- Opening Delimiter -

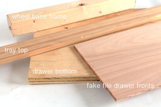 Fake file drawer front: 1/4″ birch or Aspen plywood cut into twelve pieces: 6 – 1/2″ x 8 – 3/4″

- Closing Delimiter -
- Opening Delimiter -

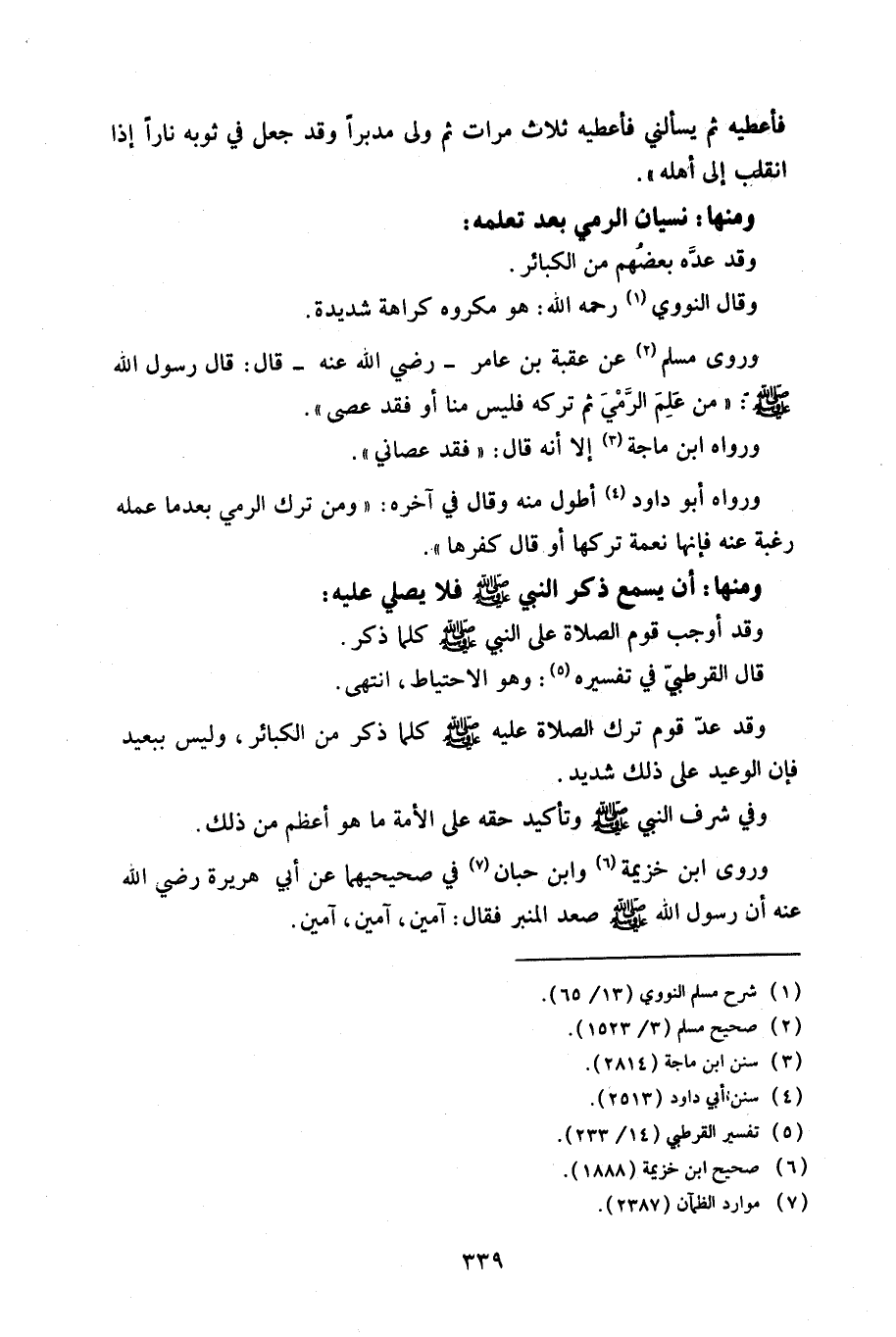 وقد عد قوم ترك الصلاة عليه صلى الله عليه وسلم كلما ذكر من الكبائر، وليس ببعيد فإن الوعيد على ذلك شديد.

- Closing Delimiter -
- Opening Delimiter -

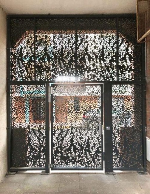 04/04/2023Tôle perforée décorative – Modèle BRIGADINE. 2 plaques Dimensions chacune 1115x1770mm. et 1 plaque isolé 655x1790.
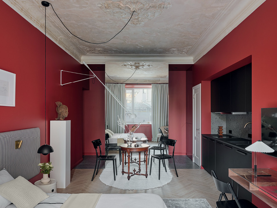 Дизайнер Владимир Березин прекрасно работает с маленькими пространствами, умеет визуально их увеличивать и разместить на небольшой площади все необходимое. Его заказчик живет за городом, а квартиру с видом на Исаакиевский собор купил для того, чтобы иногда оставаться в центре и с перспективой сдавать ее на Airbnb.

- Closing Delimiter -

Range to copy from the listing above: the line with "04/04/2023Tôle perforée décorative" through the line with "Дизайнер Владимир Березин". Transcribe it exactly and skip the pictures.

 04/04/2023Tôle perforée décorative – Modèle BRIGADINE. 2 plaques Dimensions chacune 1115x1770mm. et 1 plaque isolé 655x1790.
 Дизайнер Владимир Березин прекрасно работает с маленькими пространствами, умеет визуально их увеличивать и разместить на небольшой площади все необходимое. Его заказчик живет за городом, а квартиру с видом на Исаакиевский собор купил для того, чтобы иногда оставаться в центре и с перспективой сдавать ее на Airbnb.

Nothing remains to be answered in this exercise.